Left focus f? (-3,0); Right focus f? (3,0); A(0,6√6); Find a small P in the left branch first, like this? APF? The circumference is the smallest.
Geometric drawing: connecting AF? , and the left hyperbola intersect at p, and this intersection point p is? APF? The point with the smallest circumference.
Proof: in? APF? Medium, AF? It is fixed-length, so the following only needs to prove AP+PF? Keep it to a minimum.
Hyperbolic definition: PF? -PF? =2a=2,∴PF? =PF? +2; ∴AP+PF? =AP+PF? +2=AF? +2.

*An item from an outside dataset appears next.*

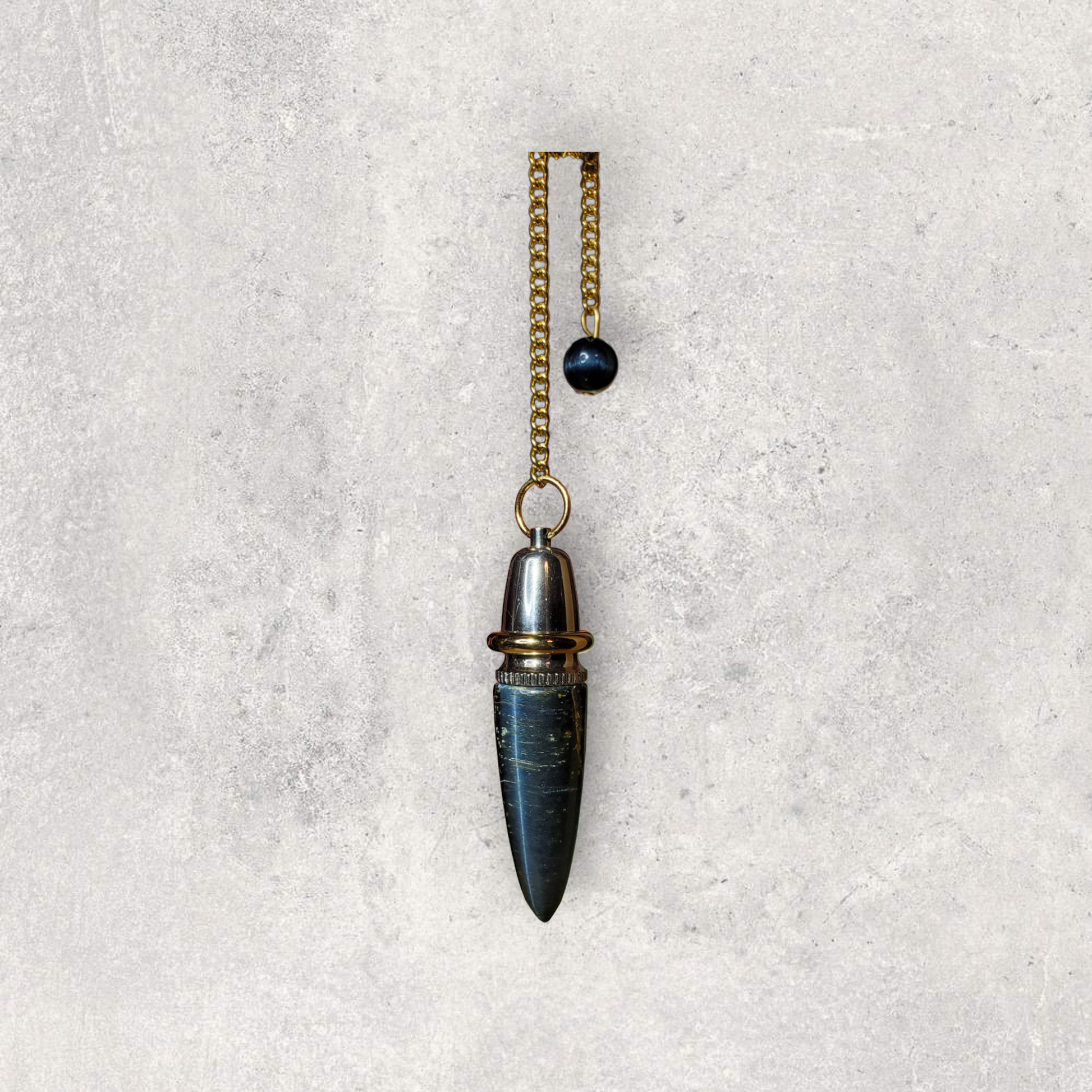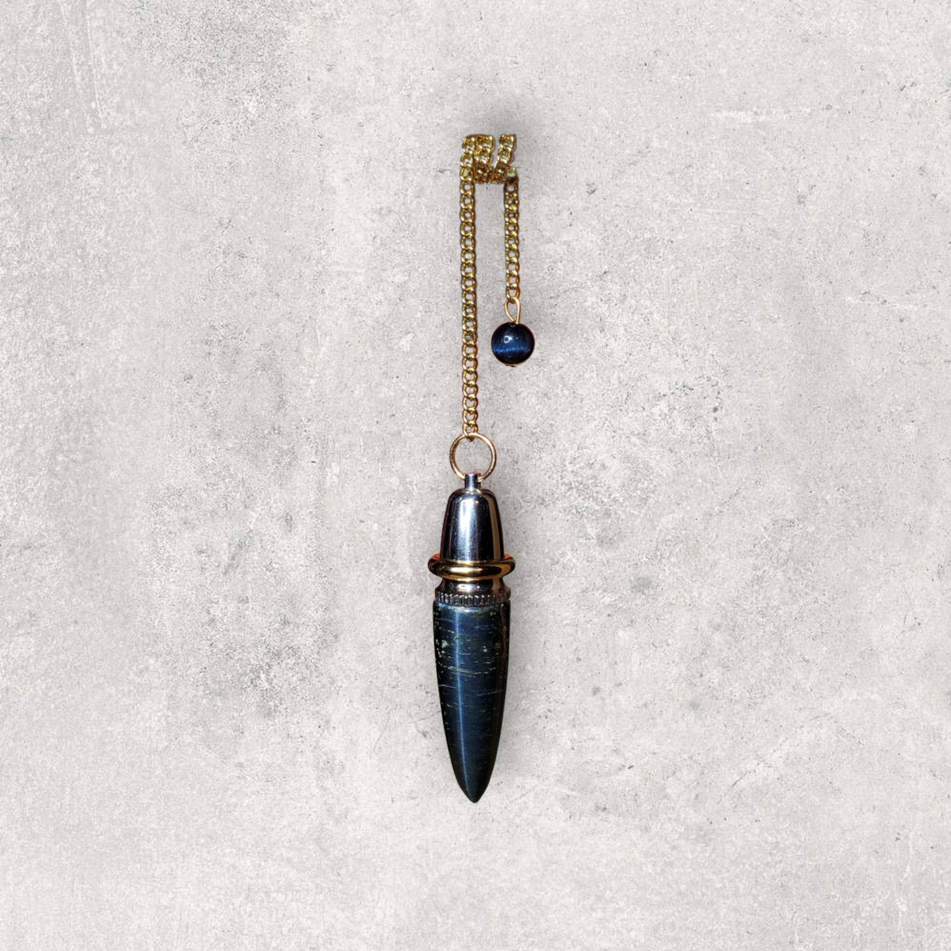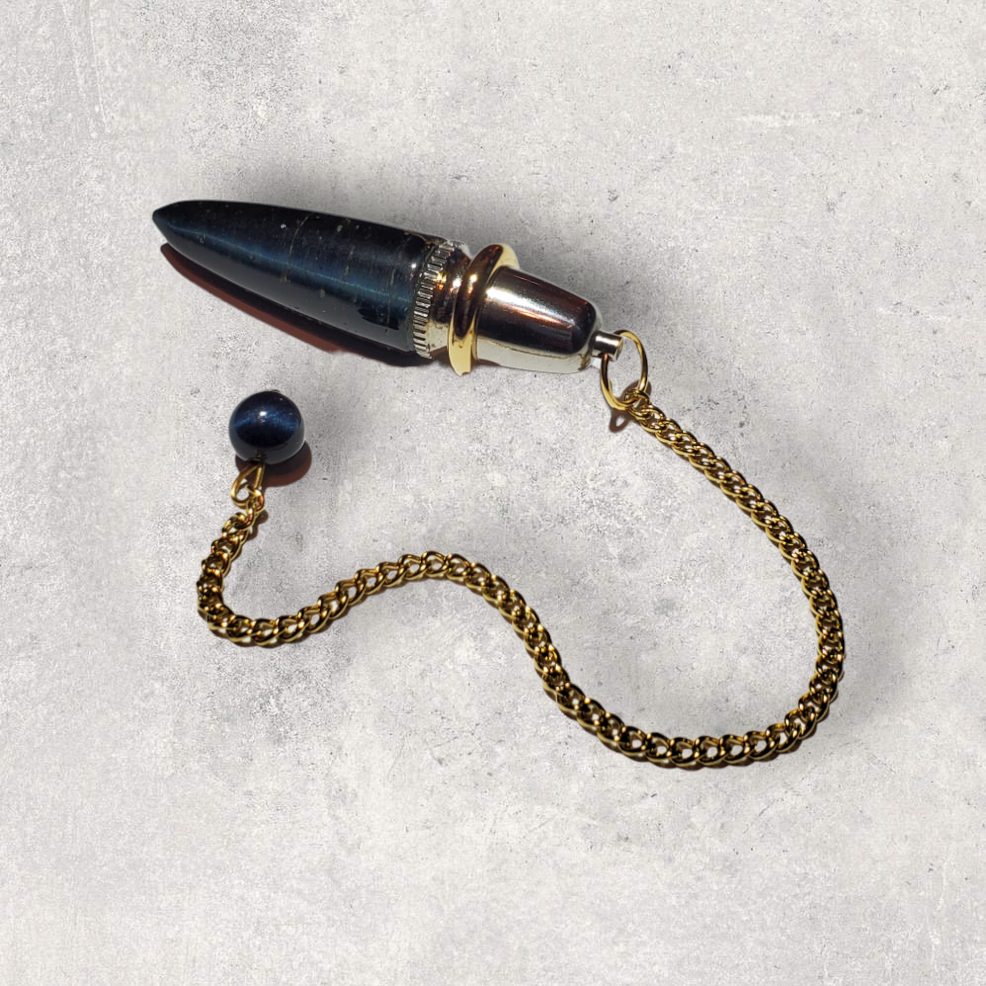 This pendulum has a 24K gold chamber which contain Himalayan crystal chips which amplify the properties of the gemstone point used for pendulum dowsing. Each AR (Amplified Resonance) pendulum comes with clear Himalayan Quartz crystals, we also sell over a dozen different crystal chips that you can put in the chamber. 24k Gold energy ring amplifies the contents of the chamber and gemstone. Gold is a super energy conductor and never tarnishes or looses conductivity.

Take another p different from the p on the left branch? At this point, AP? +P? f? =AP? +P? f? +2 & gt; AF? +2; ? Is that AP? +P? f? & gtAP+PF? ;
So this card.
Let's find the coordinates of point P: AF? K = 6 √ 6/3 = 2 √ 6 slope; So AF? The equation of is y = 2 (√ 6) (x+3);
Substitute into hyperbolic equation: x? -3(x+3)? = 1,? Do you have an X? +9x+ 14=(x+2)(x+7)=0, then x? =-2,x? =-7 (shed
Go); ? According to this, y? = √[ 8(x- 1)]= √[ 8(4- 1)]=√24 = 2√6; P (-2,2√6);
At this time? APF? Area:
Because of the website, the picture I drew became so small that I couldn't see it at all, so there was no picture.
Fortunately, this picture is easy to draw. I have expressed it clearly in words. Please draw it yourself.